### YOUR TASK
Return all the data verbatim but without images.
*** DATASET EXTRACT ***
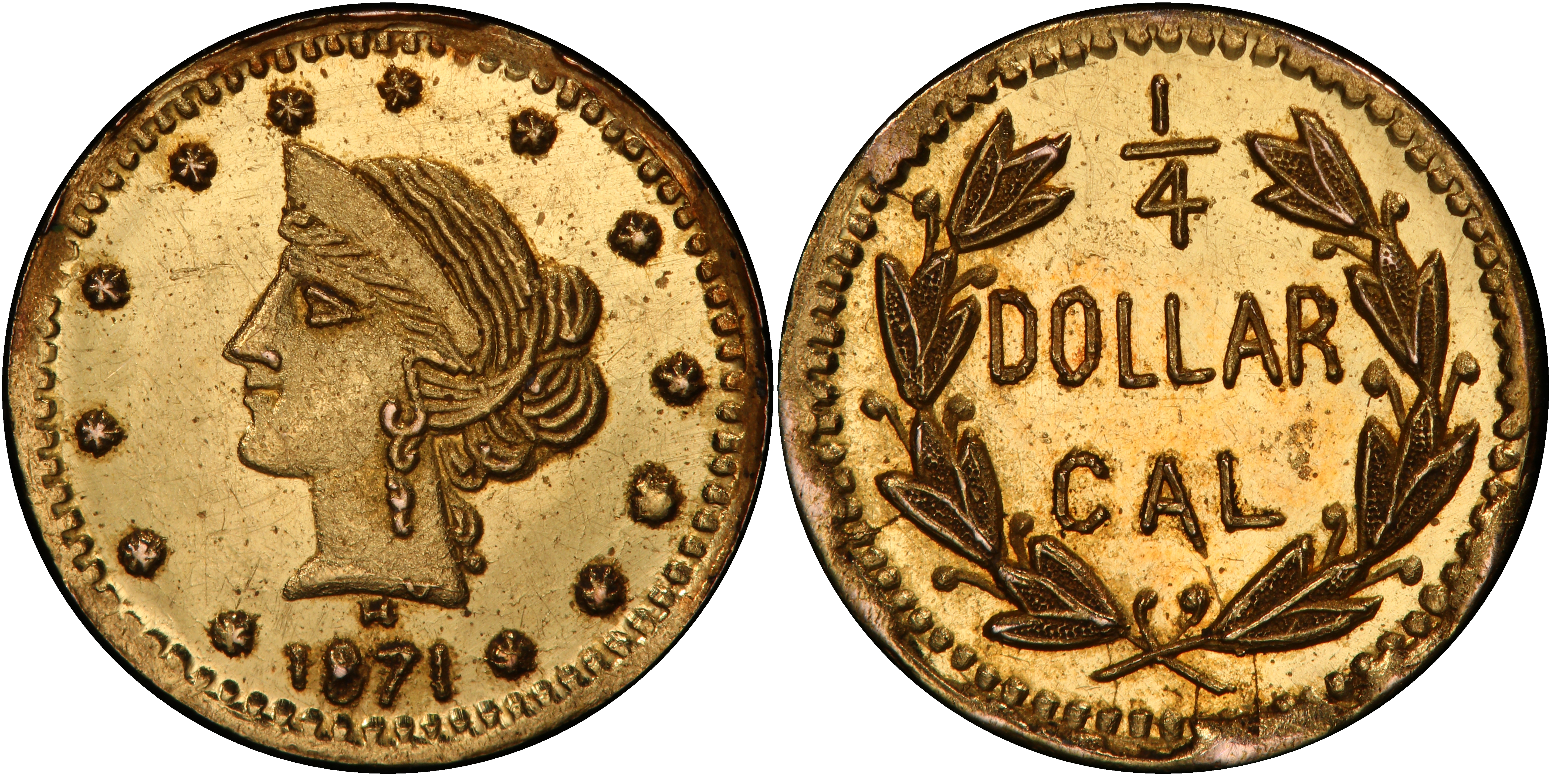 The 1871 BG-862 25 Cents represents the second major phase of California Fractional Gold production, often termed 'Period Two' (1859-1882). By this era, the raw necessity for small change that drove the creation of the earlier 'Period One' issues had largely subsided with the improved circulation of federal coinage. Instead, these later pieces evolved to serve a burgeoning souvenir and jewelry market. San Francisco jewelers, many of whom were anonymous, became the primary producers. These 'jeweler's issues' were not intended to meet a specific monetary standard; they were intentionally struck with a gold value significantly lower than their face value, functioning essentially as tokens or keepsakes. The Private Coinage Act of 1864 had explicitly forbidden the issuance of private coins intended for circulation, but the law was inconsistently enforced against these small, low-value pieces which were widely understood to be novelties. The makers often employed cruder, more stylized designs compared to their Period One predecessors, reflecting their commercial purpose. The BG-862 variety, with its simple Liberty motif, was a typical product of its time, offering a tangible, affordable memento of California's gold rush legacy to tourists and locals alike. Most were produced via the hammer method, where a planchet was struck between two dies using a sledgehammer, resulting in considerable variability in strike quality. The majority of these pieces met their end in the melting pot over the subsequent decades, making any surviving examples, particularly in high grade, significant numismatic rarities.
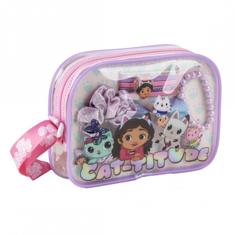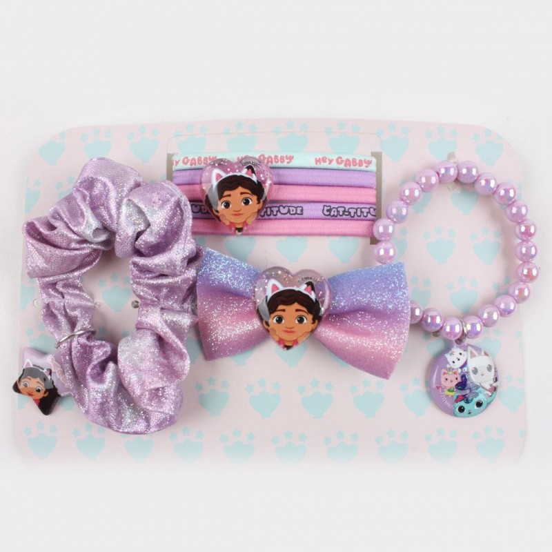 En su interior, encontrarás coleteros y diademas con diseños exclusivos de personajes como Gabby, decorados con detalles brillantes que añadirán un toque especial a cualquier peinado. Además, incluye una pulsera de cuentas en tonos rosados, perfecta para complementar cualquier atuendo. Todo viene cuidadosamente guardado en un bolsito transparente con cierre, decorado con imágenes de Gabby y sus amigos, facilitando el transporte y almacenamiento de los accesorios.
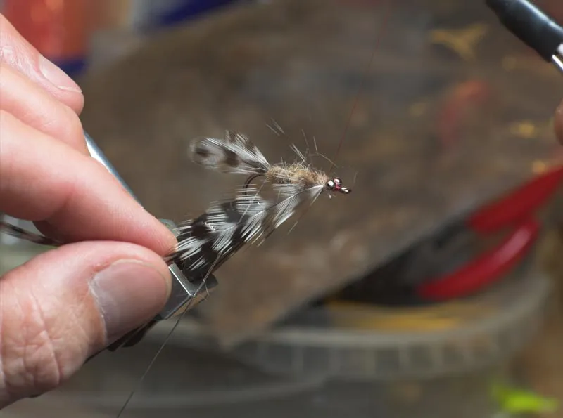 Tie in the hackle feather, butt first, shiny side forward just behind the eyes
*** End of DATASET EXTRACT ***
### RESPONSE BELOW
 The 1871 BG-862 25 Cents represents the second major phase of California Fractional Gold production, often termed 'Period Two' (1859-1882). By this era, the raw necessity for small change that drove the creation of the earlier 'Period One' issues had largely subsided with the improved circulation of federal coinage. Instead, these later pieces evolved to serve a burgeoning souvenir and jewelry market. San Francisco jewelers, many of whom were anonymous, became the primary producers. These 'jeweler's issues' were not intended to meet a specific monetary standard; they were intentionally struck with a gold value significantly lower than their face value, functioning essentially as tokens or keepsakes. The Private Coinage Act of 1864 had explicitly forbidden the issuance of private coins intended for circulation, but the law was inconsistently enforced against these small, low-value pieces which were widely understood to be novelties. The makers often employed cruder, more stylized designs compared to their Period One predecessors, reflecting their commercial purpose. The BG-862 variety, with its simple Liberty motif, was a typical product of its time, offering a tangible, affordable memento of California's gold rush legacy to tourists and locals alike. Most were produced via the hammer method, where a planchet was struck between two dies using a sledgehammer, resulting in considerable variability in strike quality. The majority of these pieces met their end in the melting pot over the subsequent decades, making any surviving examples, particularly in high grade, significant numismatic rarities.
 En su interior, encontrarás coleteros y diademas con diseños exclusivos de personajes como Gabby, decorados con detalles brillantes que añadirán un toque especial a cualquier peinado. Además, incluye una pulsera de cuentas en tonos rosados, perfecta para complementar cualquier atuendo. Todo viene cuidadosamente guardado en un bolsito transparente con cierre, decorado con imágenes de Gabby y sus amigos, facilitando el transporte y almacenamiento de los accesorios.
 Tie in the hackle feather, butt first, shiny side forward just behind the eyes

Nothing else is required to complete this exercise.